The judgment of the district court is reversed and the cause remanded for further proceedings consistent with this opinion.
Reversed and remanded. No costs or attorney fees allowed.
DONALDSON, C.J., and HUNTLEY, J., concur. SHEPARD, J., would affirm the orders and judgment of the trial court and dissents without opinion.. Bernardo Ruiz was never actually dispossessed of the real property involved in this case, and as far as the record reflects he still remains in possession.

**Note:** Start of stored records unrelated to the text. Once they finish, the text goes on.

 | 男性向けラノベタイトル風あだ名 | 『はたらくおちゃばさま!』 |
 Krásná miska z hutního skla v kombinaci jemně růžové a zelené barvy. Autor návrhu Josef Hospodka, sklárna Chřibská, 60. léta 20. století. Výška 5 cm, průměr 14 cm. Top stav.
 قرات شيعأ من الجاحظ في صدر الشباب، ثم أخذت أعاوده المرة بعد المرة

. “RULE 55(b)(2). DEFAULT JUDGMENT BY THE COURT — PERSONS EXEMPT FROM.— In all other cases the party entitled to a judgment by default shall apply to the court therefor; but no judgment by default shall be entered against an infant or incompetent person unless represented in the action by a general guardian, or other such representative who has appeared therein.....”
.“RULE 60(b). MISTAKES, INADVERTENCE, EXCUSABLE NEGLECT, NEWLY DISCOVERED EVIDENCE, FRAUD, GROUNDS FOR RELIEF FROM JUDGMENT ON ORDER. —On motion and upon such terms as are just, the court may relieve a party or his legal representative from a final judgment, order, or proceeding for the following reasons: ... (4) the judgment is void; .... ”

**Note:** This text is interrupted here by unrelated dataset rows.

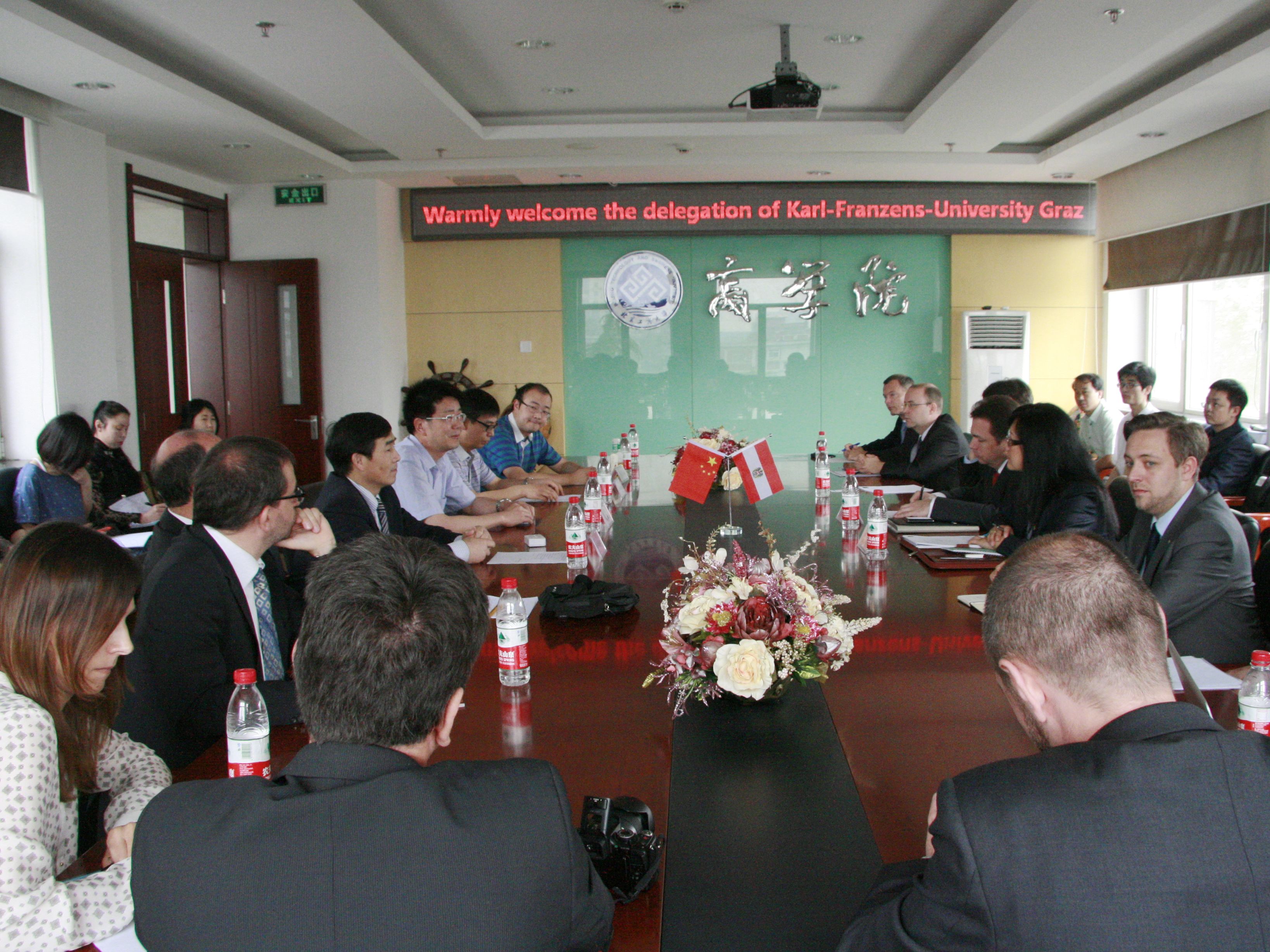 2012年5 月19 日上午,奥地利格拉兹大学 EMBA 师生代表团一行 18 人来我校交流访问,高h小说 组织举行了欢迎仪式。在欢迎仪式上,国际交流与合作处处长何明珂教授致欢迎辞并介绍了我校在开展国际交流与合作方面的基本情况和 MBA 教育在我校学科建设中的地位和作用,高h小说 院长王国顺教授介绍了我校 MBA 教育项目发展情况和高h小说 的情况,格拉兹大学社会与经济学院院长 Thomas Foscht 教授介绍了格拉兹大学基本情况和该校 MBA 对外交流与合作情况。双方代表均期待有更深入的合作。欢迎仪式由 MBA 教育中心执行主任刘文纲教授主持。
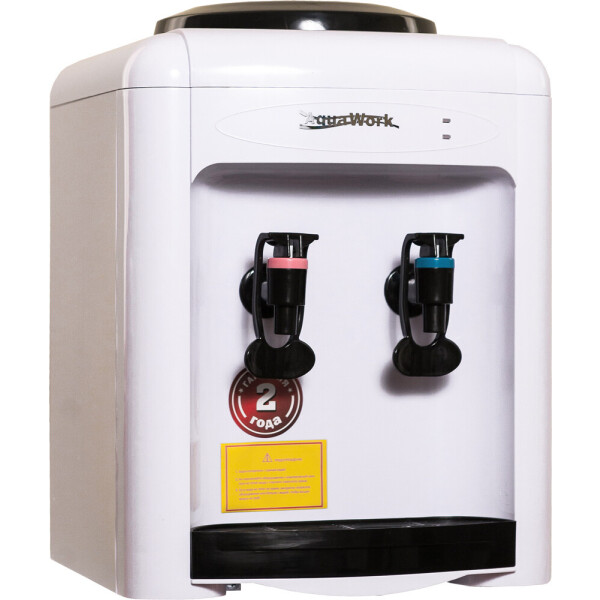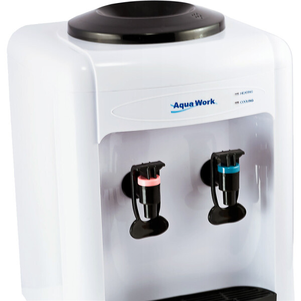 Aqua Work 0.7-TD – это настольный кулер, который оборудован двумя кранами для охлажденной и горячей воды. Краны поддерживают "нажим кружкой", что способствует более легкой добычи воды без риска обжечься. Модель поддерживает максимальную температуру нагрева 90 °С и охлаждения 12 °С. Мощность нагрева составляет 700 Вт, а показатель 70 В присущ для охлаждения.
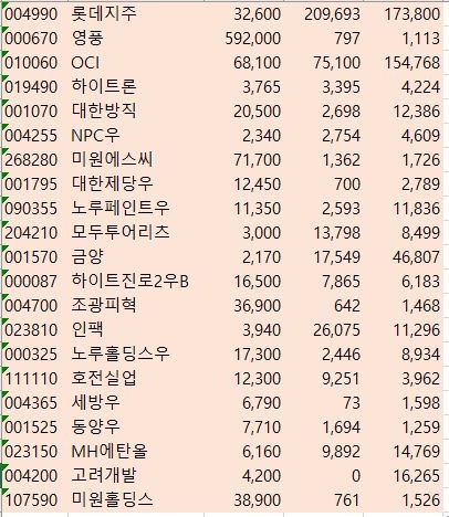 이렇게 해서 위 스크린샷과 같이 펀드와 같은 종목들을 모두 제외를 시키고 나서, 다양한 종목들을 가지고 오는데 성공했습니다.

. Rule 60(b)(6) reads “any other reason justifying relief from the operation of the judgment. The motion shall be made within a reasonable time, and for reasons (1), (2), (3) and (6) not more than six (6) months after the judgment, order, or proceeding was entered or taken.”

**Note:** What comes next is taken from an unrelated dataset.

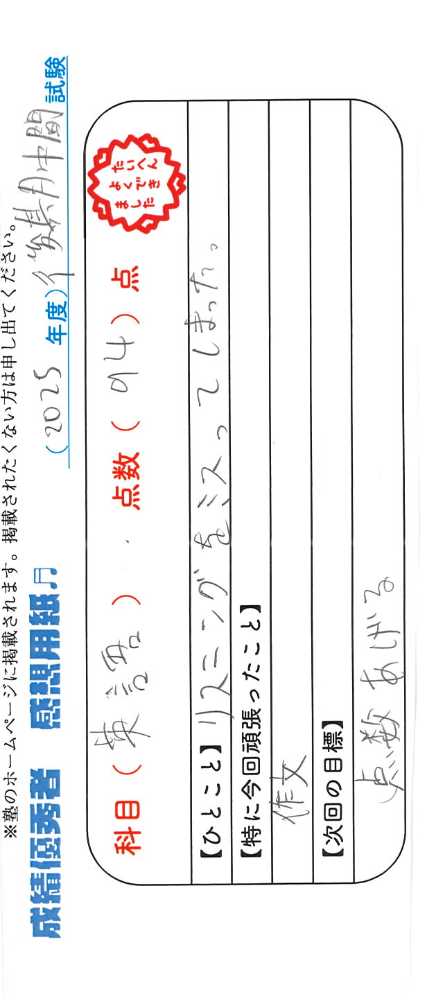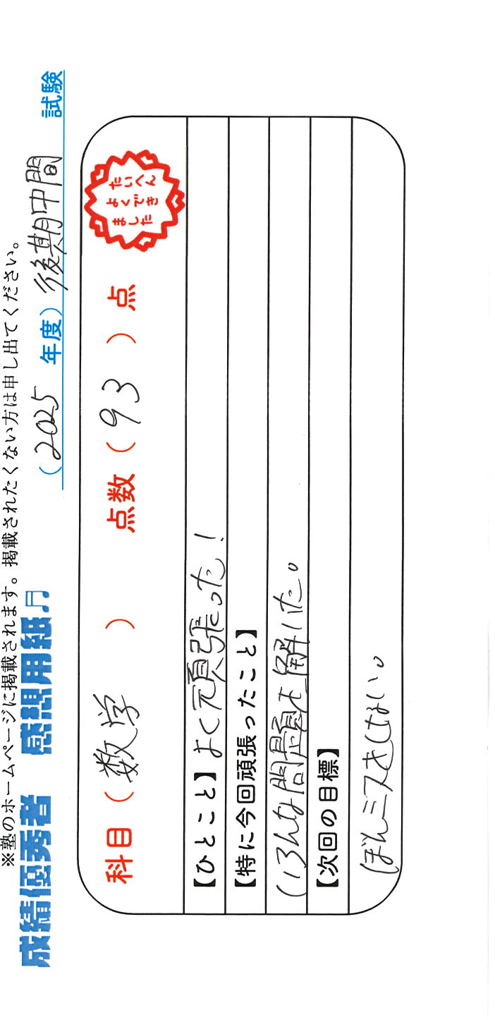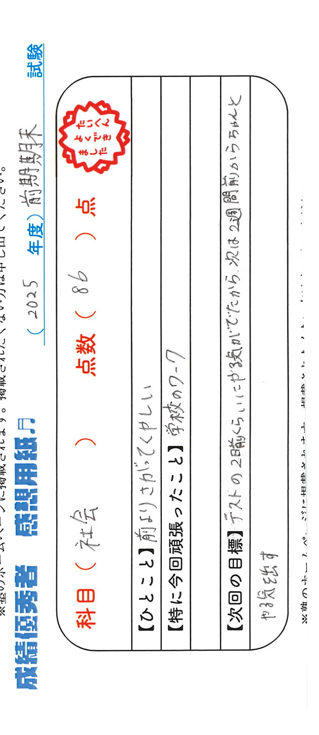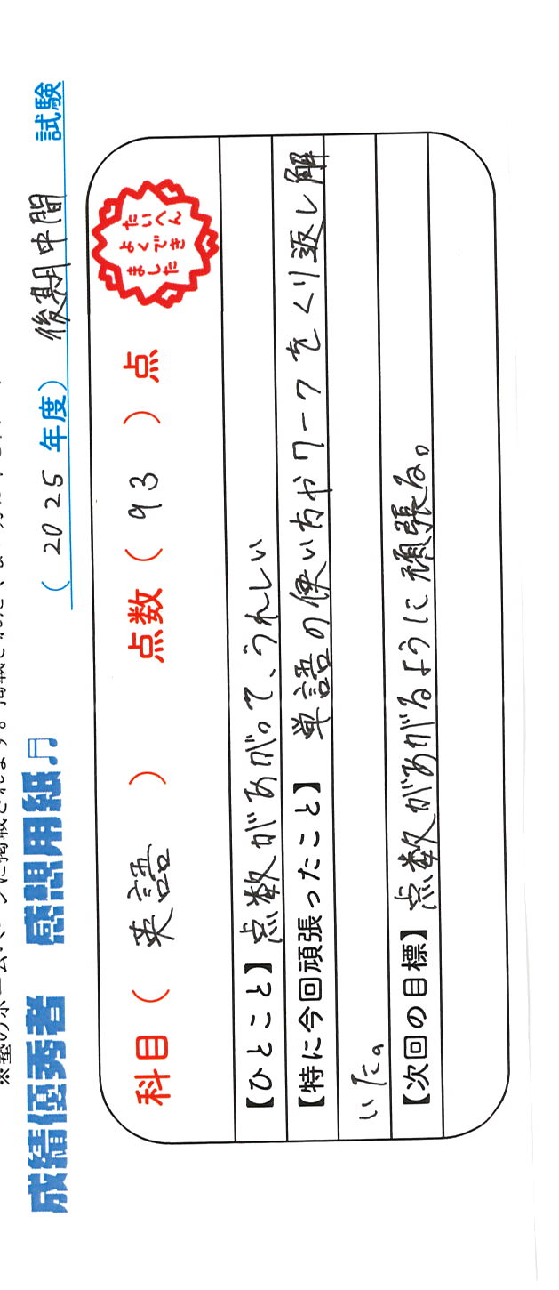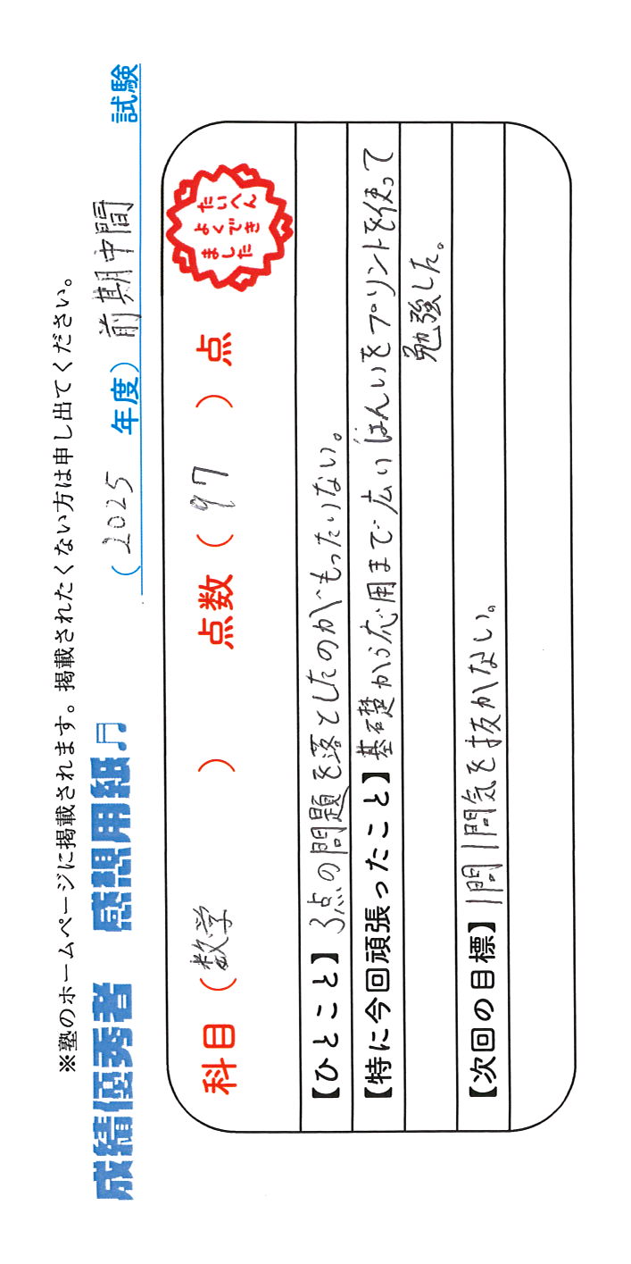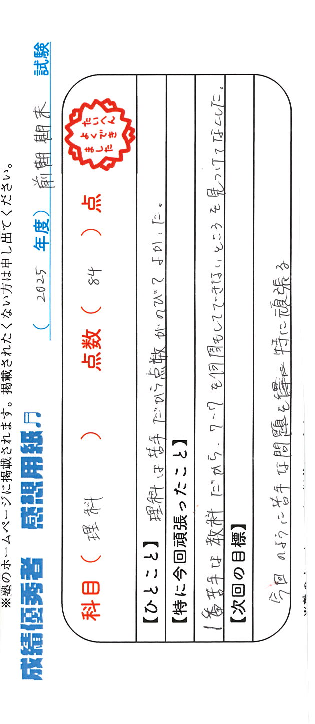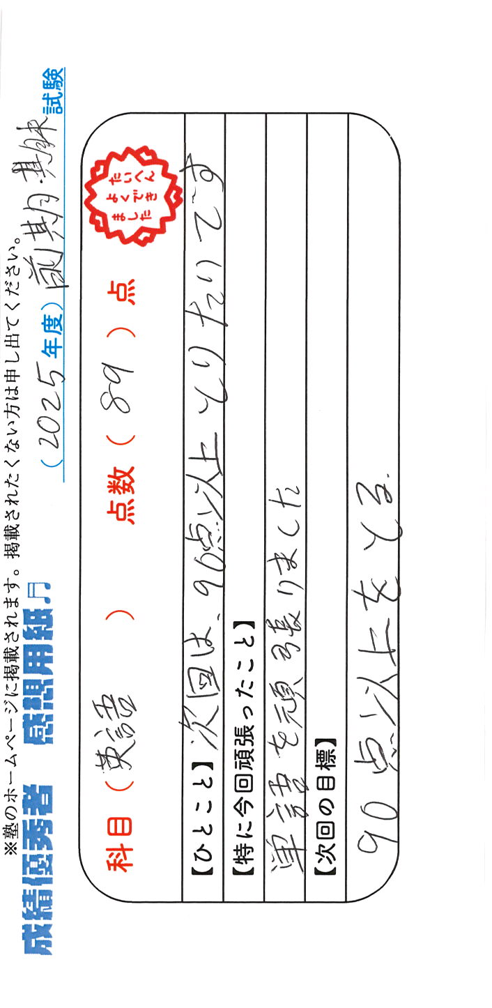 定期試験で優秀な成績を取った生徒さんのメッセージです。

. “VI. That despite the expiration of the strict statutory period for exercising the right of redemption, the Court may under such circumstances grant plaintiff, for and on behalf of Bernardo Ruiz, an additional period of time to exercise the right of redemption granted by Idaho Code § 11 — 401 et seq.”
. “5-213. PERSONS UNDER DISABILITIES — RECOVERY OF REAL PROPERTY. — If a person entitled to commence an action for the recovery of real property, or for the recovery of the possession thereof, or to make any entry or defense founded on the title to real property, or to rents or services out of the same, be at the time such title first descends or accrues, either:
“2. Insane; or,
“The term during which such disability continues is not deemed any portion of the time in this title limited for the commencement of such action or the making of such entry or defense, but such action may be commenced, or entry or defense made, within the period of five (5) years after such disability shall cease, or after the death of the person entitled who shall die under such disability; but such action shall not be commenced or entry or defense made after that period.”